■ What to do ■
Repeat exactly the lines below, from the line containing "BEL Kotdwara invites" through the last line, both included. Leave out any pictures.

START Data below

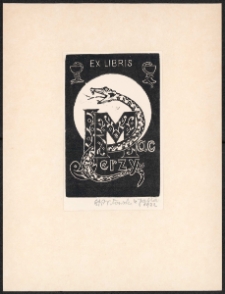 Drzeworyt, 8,6x5,7 cm. Kompozycja prostokątna, na ekslibrisie u góry napis "Ex libris", po lewej i po prawej na czarnym tle puchary z wężem, który je oplata, niżej w polu białego koła i poza nim na czarnym tle wąż, i napis "Jerzy Mac", kolorystyka czarno-biała. Kolekcja Ludwika Piosickiego.
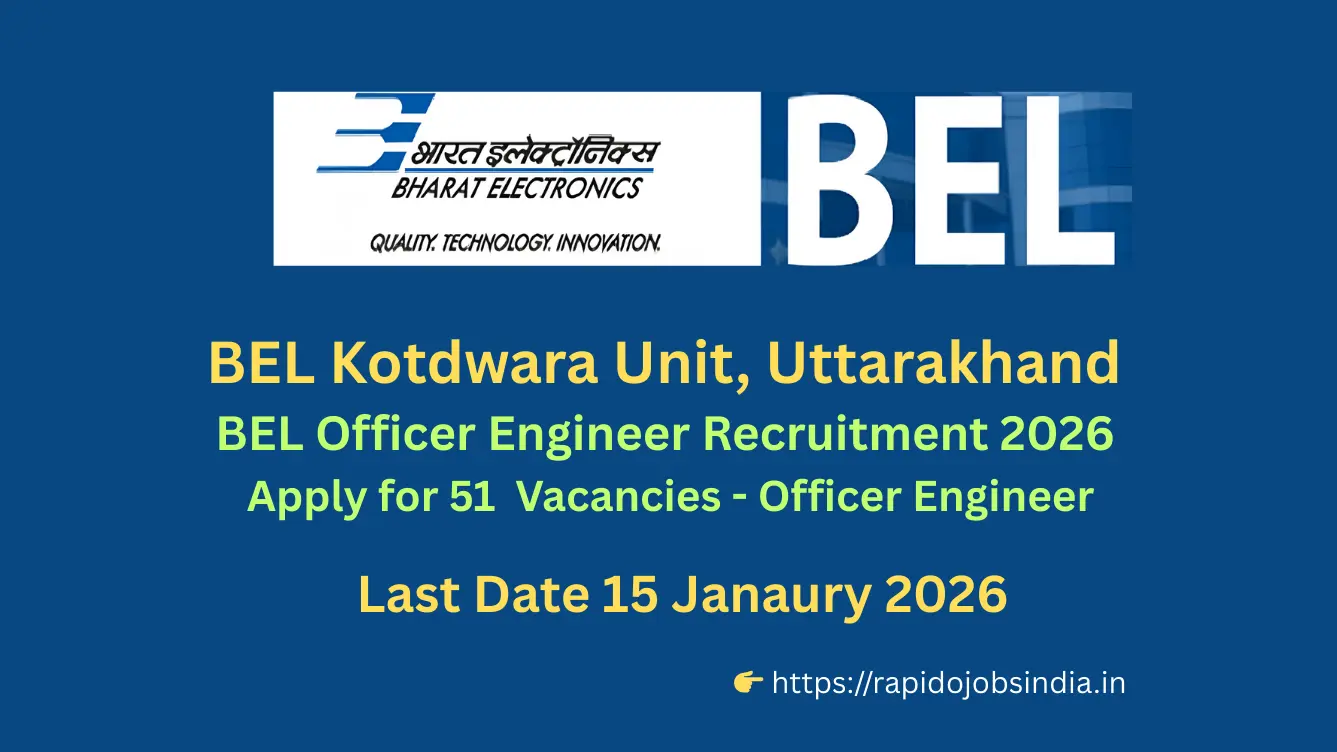 BEL Kotdwara invites applications for 51 Trainee Engineer/Officer posts. Pre-register online by 15 Jan 2026. Walk-in selections at Kotdwara.
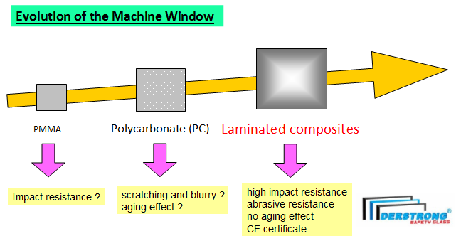 藉由整合玻璃及PC板(Polycarbonate sheet)二者的优点的工具机安全窗。

END Data below

■ Answer to the problem ■
 BEL Kotdwara invites applications for 51 Trainee Engineer/Officer posts. Pre-register online by 15 Jan 2026. Walk-in selections at Kotdwara.
 藉由整合玻璃及PC板(Polycarbonate sheet)二者的优点的工具机安全窗。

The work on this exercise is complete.